Exercise details -
Could you print every record below exactly as it appears?

Task data -
================================

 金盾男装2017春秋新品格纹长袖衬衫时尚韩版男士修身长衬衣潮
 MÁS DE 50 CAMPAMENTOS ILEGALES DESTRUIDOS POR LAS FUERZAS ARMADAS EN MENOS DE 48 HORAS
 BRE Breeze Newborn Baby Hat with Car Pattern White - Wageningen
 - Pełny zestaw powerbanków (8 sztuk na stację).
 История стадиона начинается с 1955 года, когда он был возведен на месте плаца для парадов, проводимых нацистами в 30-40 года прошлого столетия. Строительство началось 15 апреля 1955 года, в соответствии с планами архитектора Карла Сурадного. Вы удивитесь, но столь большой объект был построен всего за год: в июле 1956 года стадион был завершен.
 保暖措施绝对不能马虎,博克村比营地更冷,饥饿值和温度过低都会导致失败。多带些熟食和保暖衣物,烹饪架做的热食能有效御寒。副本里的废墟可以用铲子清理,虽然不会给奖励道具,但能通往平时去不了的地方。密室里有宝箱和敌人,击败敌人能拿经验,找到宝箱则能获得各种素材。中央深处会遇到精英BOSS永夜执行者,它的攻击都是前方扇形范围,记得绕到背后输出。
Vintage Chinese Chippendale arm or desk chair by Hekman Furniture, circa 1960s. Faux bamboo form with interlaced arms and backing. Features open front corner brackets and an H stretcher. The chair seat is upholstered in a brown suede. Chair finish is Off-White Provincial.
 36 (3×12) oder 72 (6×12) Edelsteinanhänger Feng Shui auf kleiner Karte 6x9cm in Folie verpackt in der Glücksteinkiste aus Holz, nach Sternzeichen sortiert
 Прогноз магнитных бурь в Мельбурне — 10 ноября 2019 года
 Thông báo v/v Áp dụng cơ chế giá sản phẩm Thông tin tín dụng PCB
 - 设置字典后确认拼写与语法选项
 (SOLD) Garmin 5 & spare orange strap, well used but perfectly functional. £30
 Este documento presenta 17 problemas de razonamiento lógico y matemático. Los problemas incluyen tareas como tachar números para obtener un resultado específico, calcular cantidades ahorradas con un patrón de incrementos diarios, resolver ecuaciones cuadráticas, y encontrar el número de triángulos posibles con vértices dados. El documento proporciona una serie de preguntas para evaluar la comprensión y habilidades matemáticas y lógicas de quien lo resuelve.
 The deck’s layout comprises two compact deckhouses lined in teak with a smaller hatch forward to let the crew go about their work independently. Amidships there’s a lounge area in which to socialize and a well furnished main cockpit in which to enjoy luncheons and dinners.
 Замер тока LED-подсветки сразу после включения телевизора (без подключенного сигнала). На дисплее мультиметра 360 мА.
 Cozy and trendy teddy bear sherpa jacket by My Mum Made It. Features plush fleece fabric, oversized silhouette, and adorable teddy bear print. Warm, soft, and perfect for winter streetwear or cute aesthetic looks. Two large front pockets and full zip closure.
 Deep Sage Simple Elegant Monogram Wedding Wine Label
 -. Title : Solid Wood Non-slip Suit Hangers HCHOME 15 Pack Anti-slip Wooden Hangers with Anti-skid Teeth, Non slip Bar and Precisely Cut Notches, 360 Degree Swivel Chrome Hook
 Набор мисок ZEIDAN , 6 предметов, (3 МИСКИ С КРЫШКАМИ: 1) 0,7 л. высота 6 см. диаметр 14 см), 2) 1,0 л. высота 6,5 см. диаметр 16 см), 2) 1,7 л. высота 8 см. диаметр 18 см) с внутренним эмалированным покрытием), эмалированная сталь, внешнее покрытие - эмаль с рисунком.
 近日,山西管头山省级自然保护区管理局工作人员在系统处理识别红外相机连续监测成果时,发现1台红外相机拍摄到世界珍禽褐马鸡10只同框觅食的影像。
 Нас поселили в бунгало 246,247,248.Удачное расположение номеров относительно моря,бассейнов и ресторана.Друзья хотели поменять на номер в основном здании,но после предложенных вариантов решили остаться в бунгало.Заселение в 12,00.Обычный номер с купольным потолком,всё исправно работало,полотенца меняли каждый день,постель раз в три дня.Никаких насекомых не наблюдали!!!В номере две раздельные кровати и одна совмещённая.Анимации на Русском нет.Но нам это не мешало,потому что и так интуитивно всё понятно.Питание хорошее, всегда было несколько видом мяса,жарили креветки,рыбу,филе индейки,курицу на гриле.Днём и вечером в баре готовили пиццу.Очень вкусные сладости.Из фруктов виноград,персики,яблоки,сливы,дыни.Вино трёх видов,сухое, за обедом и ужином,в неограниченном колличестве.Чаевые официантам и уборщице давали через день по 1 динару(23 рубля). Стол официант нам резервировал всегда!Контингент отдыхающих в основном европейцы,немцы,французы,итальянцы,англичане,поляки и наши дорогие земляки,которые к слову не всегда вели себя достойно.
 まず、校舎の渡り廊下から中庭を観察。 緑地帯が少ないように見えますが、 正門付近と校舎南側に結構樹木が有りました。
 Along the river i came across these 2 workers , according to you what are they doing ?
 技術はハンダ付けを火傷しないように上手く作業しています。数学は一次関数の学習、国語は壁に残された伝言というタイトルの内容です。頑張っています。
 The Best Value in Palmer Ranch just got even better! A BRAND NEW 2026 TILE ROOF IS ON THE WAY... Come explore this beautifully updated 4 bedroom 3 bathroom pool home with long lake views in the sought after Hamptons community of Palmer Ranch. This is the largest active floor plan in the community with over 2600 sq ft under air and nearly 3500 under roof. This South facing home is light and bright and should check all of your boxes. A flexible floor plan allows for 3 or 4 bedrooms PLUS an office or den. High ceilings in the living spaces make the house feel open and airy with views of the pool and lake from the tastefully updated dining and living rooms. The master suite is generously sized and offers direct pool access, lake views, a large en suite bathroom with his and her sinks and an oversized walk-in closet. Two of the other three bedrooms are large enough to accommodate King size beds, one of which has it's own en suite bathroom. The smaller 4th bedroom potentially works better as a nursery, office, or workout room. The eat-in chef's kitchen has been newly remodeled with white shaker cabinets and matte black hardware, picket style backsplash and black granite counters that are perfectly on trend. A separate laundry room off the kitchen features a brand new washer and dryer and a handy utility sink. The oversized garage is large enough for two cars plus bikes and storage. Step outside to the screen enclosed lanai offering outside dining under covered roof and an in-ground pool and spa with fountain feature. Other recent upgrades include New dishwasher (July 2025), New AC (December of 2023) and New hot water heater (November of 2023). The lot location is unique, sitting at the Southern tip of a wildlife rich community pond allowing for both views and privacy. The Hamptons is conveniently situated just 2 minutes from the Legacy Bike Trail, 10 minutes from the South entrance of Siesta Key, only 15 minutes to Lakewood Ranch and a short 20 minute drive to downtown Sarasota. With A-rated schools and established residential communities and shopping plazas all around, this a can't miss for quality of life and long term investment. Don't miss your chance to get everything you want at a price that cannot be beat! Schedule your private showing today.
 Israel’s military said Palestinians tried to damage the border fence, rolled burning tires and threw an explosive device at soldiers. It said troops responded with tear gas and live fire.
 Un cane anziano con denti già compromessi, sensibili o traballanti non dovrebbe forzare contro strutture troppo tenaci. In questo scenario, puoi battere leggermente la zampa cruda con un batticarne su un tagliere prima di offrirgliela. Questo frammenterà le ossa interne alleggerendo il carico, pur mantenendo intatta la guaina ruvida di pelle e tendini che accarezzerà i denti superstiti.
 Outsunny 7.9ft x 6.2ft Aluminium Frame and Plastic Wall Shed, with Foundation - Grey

================================

The answer -
 金盾男装2017春秋新品格纹长袖衬衫时尚韩版男士修身长衬衣潮
 MÁS DE 50 CAMPAMENTOS ILEGALES DESTRUIDOS POR LAS FUERZAS ARMADAS EN MENOS DE 48 HORAS
 BRE Breeze Newborn Baby Hat with Car Pattern White - Wageningen
 - Pełny zestaw powerbanków (8 sztuk na stację).
 История стадиона начинается с 1955 года, когда он был возведен на месте плаца для парадов, проводимых нацистами в 30-40 года прошлого столетия. Строительство началось 15 апреля 1955 года, в соответствии с планами архитектора Карла Сурадного. Вы удивитесь, но столь большой объект был построен всего за год: в июле 1956 года стадион был завершен.
 保暖措施绝对不能马虎,博克村比营地更冷,饥饿值和温度过低都会导致失败。多带些熟食和保暖衣物,烹饪架做的热食能有效御寒。副本里的废墟可以用铲子清理,虽然不会给奖励道具,但能通往平时去不了的地方。密室里有宝箱和敌人,击败敌人能拿经验,找到宝箱则能获得各种素材。中央深处会遇到精英BOSS永夜执行者,它的攻击都是前方扇形范围,记得绕到背后输出。
Vintage Chinese Chippendale arm or desk chair by Hekman Furniture, circa 1960s. Faux bamboo form with interlaced arms and backing. Features open front corner brackets and an H stretcher. The chair seat is upholstered in a brown suede. Chair finish is Off-White Provincial.
 36 (3×12) oder 72 (6×12) Edelsteinanhänger Feng Shui auf kleiner Karte 6x9cm in Folie verpackt in der Glücksteinkiste aus Holz, nach Sternzeichen sortiert
 Прогноз магнитных бурь в Мельбурне — 10 ноября 2019 года
 Thông báo v/v Áp dụng cơ chế giá sản phẩm Thông tin tín dụng PCB
 - 设置字典后确认拼写与语法选项
 (SOLD) Garmin 5 & spare orange strap, well used but perfectly functional. £30
 Este documento presenta 17 problemas de razonamiento lógico y matemático. Los problemas incluyen tareas como tachar números para obtener un resultado específico, calcular cantidades ahorradas con un patrón de incrementos diarios, resolver ecuaciones cuadráticas, y encontrar el número de triángulos posibles con vértices dados. El documento proporciona una serie de preguntas para evaluar la comprensión y habilidades matemáticas y lógicas de quien lo resuelve.
 The deck’s layout comprises two compact deckhouses lined in teak with a smaller hatch forward to let the crew go about their work independently. Amidships there’s a lounge area in which to socialize and a well furnished main cockpit in which to enjoy luncheons and dinners.
 Замер тока LED-подсветки сразу после включения телевизора (без подключенного сигнала). На дисплее мультиметра 360 мА.
 Cozy and trendy teddy bear sherpa jacket by My Mum Made It. Features plush fleece fabric, oversized silhouette, and adorable teddy bear print. Warm, soft, and perfect for winter streetwear or cute aesthetic looks. Two large front pockets and full zip closure.
 Deep Sage Simple Elegant Monogram Wedding Wine Label
 -. Title : Solid Wood Non-slip Suit Hangers HCHOME 15 Pack Anti-slip Wooden Hangers with Anti-skid Teeth, Non slip Bar and Precisely Cut Notches, 360 Degree Swivel Chrome Hook
 Набор мисок ZEIDAN , 6 предметов, (3 МИСКИ С КРЫШКАМИ: 1) 0,7 л. высота 6 см. диаметр 14 см), 2) 1,0 л. высота 6,5 см. диаметр 16 см), 2) 1,7 л. высота 8 см. диаметр 18 см) с внутренним эмалированным покрытием), эмалированная сталь, внешнее покрытие - эмаль с рисунком.
 近日,山西管头山省级自然保护区管理局工作人员在系统处理识别红外相机连续监测成果时,发现1台红外相机拍摄到世界珍禽褐马鸡10只同框觅食的影像。
 Нас поселили в бунгало 246,247,248.Удачное расположение номеров относительно моря,бассейнов и ресторана.Друзья хотели поменять на номер в основном здании,но после предложенных вариантов решили остаться в бунгало.Заселение в 12,00.Обычный номер с купольным потолком,всё исправно работало,полотенца меняли каждый день,постель раз в три дня.Никаких насекомых не наблюдали!!!В номере две раздельные кровати и одна совмещённая.Анимации на Русском нет.Но нам это не мешало,потому что и так интуитивно всё понятно.Питание хорошее, всегда было несколько видом мяса,жарили креветки,рыбу,филе индейки,курицу на гриле.Днём и вечером в баре готовили пиццу.Очень вкусные сладости.Из фруктов виноград,персики,яблоки,сливы,дыни.Вино трёх видов,сухое, за обедом и ужином,в неограниченном колличестве.Чаевые официантам и уборщице давали через день по 1 динару(23 рубля). Стол официант нам резервировал всегда!Контингент отдыхающих в основном европейцы,немцы,французы,итальянцы,англичане,поляки и наши дорогие земляки,которые к слову не всегда вели себя достойно.
 まず、校舎の渡り廊下から中庭を観察。 緑地帯が少ないように見えますが、 正門付近と校舎南側に結構樹木が有りました。
 Along the river i came across these 2 workers , according to you what are they doing ?
 技術はハンダ付けを火傷しないように上手く作業しています。数学は一次関数の学習、国語は壁に残された伝言というタイトルの内容です。頑張っています。
 The Best Value in Palmer Ranch just got even better! A BRAND NEW 2026 TILE ROOF IS ON THE WAY... Come explore this beautifully updated 4 bedroom 3 bathroom pool home with long lake views in the sought after Hamptons community of Palmer Ranch. This is the largest active floor plan in the community with over 2600 sq ft under air and nearly 3500 under roof. This South facing home is light and bright and should check all of your boxes. A flexible floor plan allows for 3 or 4 bedrooms PLUS an office or den. High ceilings in the living spaces make the house feel open and airy with views of the pool and lake from the tastefully updated dining and living rooms. The master suite is generously sized and offers direct pool access, lake views, a large en suite bathroom with his and her sinks and an oversized walk-in closet. Two of the other three bedrooms are large enough to accommodate King size beds, one of which has it's own en suite bathroom. The smaller 4th bedroom potentially works better as a nursery, office, or workout room. The eat-in chef's kitchen has been newly remodeled with white shaker cabinets and matte black hardware, picket style backsplash and black granite counters that are perfectly on trend. A separate laundry room off the kitchen features a brand new washer and dryer and a handy utility sink. The oversized garage is large enough for two cars plus bikes and storage. Step outside to the screen enclosed lanai offering outside dining under covered roof and an in-ground pool and spa with fountain feature. Other recent upgrades include New dishwasher (July 2025), New AC (December of 2023) and New hot water heater (November of 2023). The lot location is unique, sitting at the Southern tip of a wildlife rich community pond allowing for both views and privacy. The Hamptons is conveniently situated just 2 minutes from the Legacy Bike Trail, 10 minutes from the South entrance of Siesta Key, only 15 minutes to Lakewood Ranch and a short 20 minute drive to downtown Sarasota. With A-rated schools and established residential communities and shopping plazas all around, this a can't miss for quality of life and long term investment. Don't miss your chance to get everything you want at a price that cannot be beat! Schedule your private showing today.
 Israel’s military said Palestinians tried to damage the border fence, rolled burning tires and threw an explosive device at soldiers. It said troops responded with tear gas and live fire.
 Un cane anziano con denti già compromessi, sensibili o traballanti non dovrebbe forzare contro strutture troppo tenaci. In questo scenario, puoi battere leggermente la zampa cruda con un batticarne su un tagliere prima di offrirgliela. Questo frammenterà le ossa interne alleggerendo il carico, pur mantenendo intatta la guaina ruvida di pelle e tendini che accarezzerà i denti superstiti.
 Outsunny 7.9ft x 6.2ft Aluminium Frame and Plastic Wall Shed, with Foundation - Grey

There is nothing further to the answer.